-------- Entries provided --------

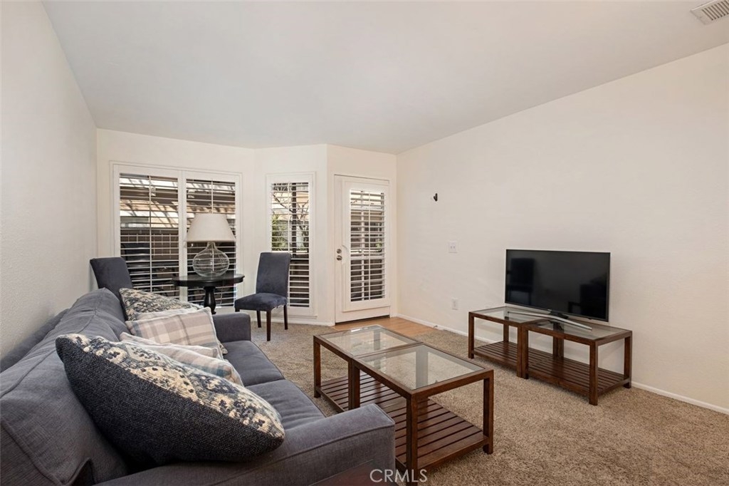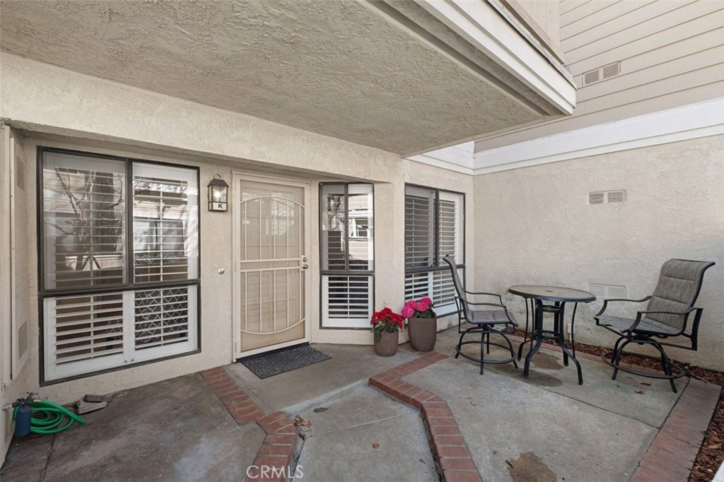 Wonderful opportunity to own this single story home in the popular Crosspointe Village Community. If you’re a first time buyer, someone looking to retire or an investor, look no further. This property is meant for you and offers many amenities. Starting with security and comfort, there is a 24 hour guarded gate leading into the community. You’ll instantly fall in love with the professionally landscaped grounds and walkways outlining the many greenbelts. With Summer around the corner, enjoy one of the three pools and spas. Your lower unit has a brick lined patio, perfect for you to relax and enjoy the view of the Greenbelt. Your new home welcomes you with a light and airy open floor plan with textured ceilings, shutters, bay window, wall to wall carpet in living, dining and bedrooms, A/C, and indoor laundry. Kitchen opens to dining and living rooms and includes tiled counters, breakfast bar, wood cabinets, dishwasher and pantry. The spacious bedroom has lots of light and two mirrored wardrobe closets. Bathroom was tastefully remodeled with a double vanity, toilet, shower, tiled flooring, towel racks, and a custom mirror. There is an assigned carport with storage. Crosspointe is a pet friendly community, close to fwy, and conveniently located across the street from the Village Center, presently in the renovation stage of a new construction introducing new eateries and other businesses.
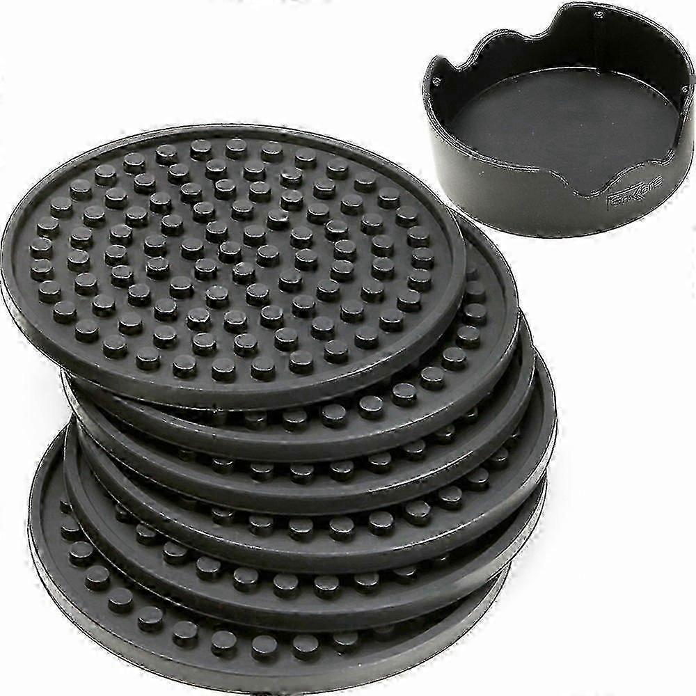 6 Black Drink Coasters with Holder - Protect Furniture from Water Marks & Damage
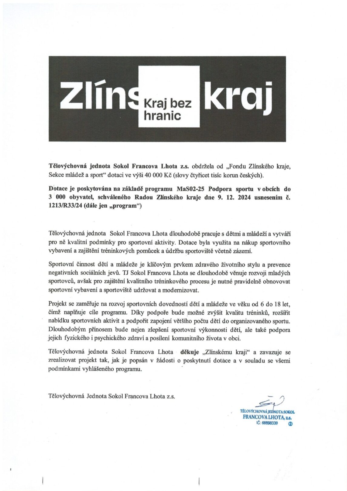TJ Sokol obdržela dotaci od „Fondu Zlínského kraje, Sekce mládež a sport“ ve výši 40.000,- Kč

--------
-------- Entries provided --------

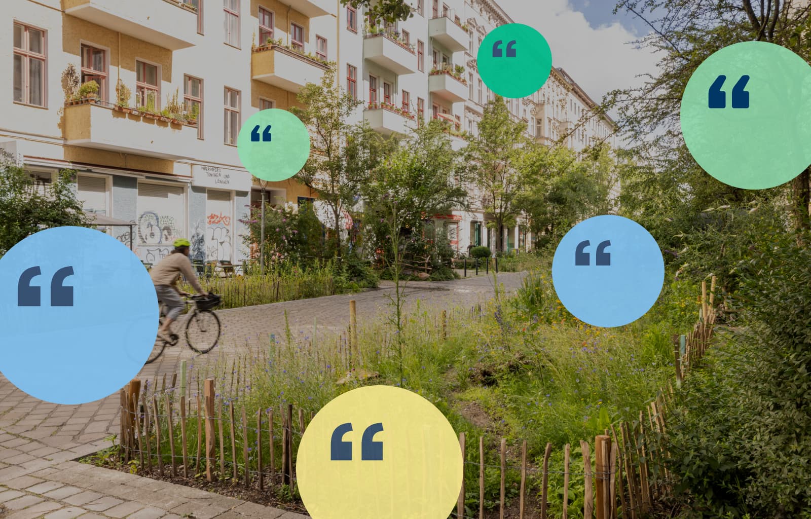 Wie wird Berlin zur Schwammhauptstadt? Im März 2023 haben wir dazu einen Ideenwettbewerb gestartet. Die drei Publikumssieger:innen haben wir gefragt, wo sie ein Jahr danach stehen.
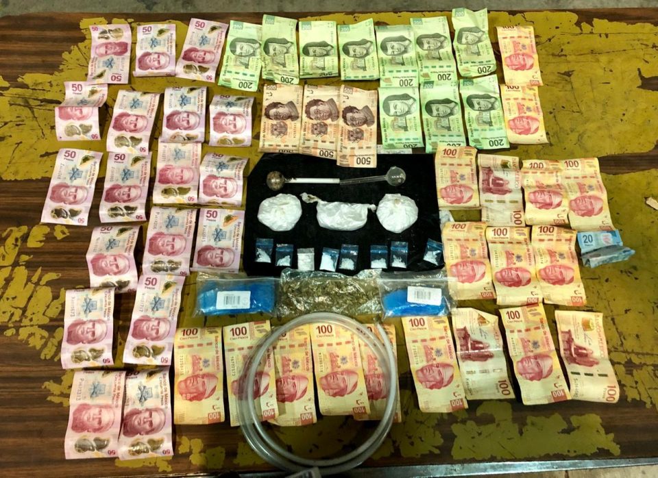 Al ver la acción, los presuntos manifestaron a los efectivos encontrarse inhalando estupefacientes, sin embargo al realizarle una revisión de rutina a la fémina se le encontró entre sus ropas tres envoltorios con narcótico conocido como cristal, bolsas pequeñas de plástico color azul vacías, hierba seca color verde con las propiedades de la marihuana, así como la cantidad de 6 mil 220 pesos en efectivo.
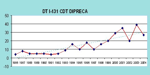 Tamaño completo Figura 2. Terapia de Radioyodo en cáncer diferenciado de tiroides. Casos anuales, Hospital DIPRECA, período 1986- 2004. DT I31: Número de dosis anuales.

--------

Exercise brief =
Using the material above, reproduce only the lines that run from the line with "Wie wird Berlin" up to and including the line with "Tamaño completo Figura", exactly, with the pictures dropped.

Task output =
 Wie wird Berlin zur Schwammhauptstadt? Im März 2023 haben wir dazu einen Ideenwettbewerb gestartet. Die drei Publikumssieger:innen haben wir gefragt, wo sie ein Jahr danach stehen.
 Al ver la acción, los presuntos manifestaron a los efectivos encontrarse inhalando estupefacientes, sin embargo al realizarle una revisión de rutina a la fémina se le encontró entre sus ropas tres envoltorios con narcótico conocido como cristal, bolsas pequeñas de plástico color azul vacías, hierba seca color verde con las propiedades de la marihuana, así como la cantidad de 6 mil 220 pesos en efectivo.
 Tamaño completo Figura 2. Terapia de Radioyodo en cáncer diferenciado de tiroides. Casos anuales, Hospital DIPRECA, período 1986- 2004. DT I31: Número de dosis anuales.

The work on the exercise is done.